Hollywood actor-director George Clooney has called for stolen artworks to be returned to their rightful owners, adding many works looted by the Nazis are still unaccounted for.

“There is a lot of art that is still missing,” Clooney said during a press conference on Saturday at Berlin’s Berlinale Film Festival, which marks the European launch of his new film The Monuments Men.

The film – directed, co-written and starring Clooney – is based on the true story of a special US military unit charged with tracking down and protecting art during the World War II.

“It’s a story that is going to keep coming up,” Clooney said.

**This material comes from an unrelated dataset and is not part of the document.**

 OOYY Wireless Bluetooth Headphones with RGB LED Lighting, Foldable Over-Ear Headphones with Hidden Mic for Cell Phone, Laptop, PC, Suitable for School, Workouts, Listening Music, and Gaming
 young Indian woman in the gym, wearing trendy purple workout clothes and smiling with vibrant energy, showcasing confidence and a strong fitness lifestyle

The film also stars Cate Blanchett as a French art expert, Matt Damon as an art restorer and John Goodman as a sculptor and Bill Murray as an architect.

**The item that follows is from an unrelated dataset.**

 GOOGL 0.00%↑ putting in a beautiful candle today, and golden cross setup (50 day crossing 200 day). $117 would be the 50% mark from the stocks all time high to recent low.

Blanchett’s character was based on Rose Valland, a woman who secretly kept records of the artworks stolen and shipped out of France by the Nazis at great personal risk.

In his comments, Clooney also backed Greece’s long-running campaign to retrieve antiquities looted by the Brits – notably the priceless Elgin Marbles currently on display in the British Museum.

“I think (Greece) has a good case to make,” said Clooney.

“It would be a very fair and nice thing to happen.”

Clooney is featured in The Monuments Men as Frank Stokes, a bespectacled art historian who leads a mission to shield Europe’s great works of art – not just from Hitler, but also from allied bombing and advancing Soviet forces.

Many of the works in question were earmarked for Hitler’s planned Fuehrer Museum and the private collections of top Nazis like Hermann Goering.

“For the first time the victors did not keep the spoils,” said Clooney.

“It is the kind film that I grew up with,” Clooney said, referencing other major war movies such as The Guns of Navarone and The Great Escape.

The Monuments Men is being screened at the Berlinale out of competition. It is Clooney’s fifth feature film as director.

The film’s release in Europe is particularly timely. It comes only months after the sensational find of more than 1,400 modern classics in a Munich apartment owned by the son of a prominent Nazi art dealer.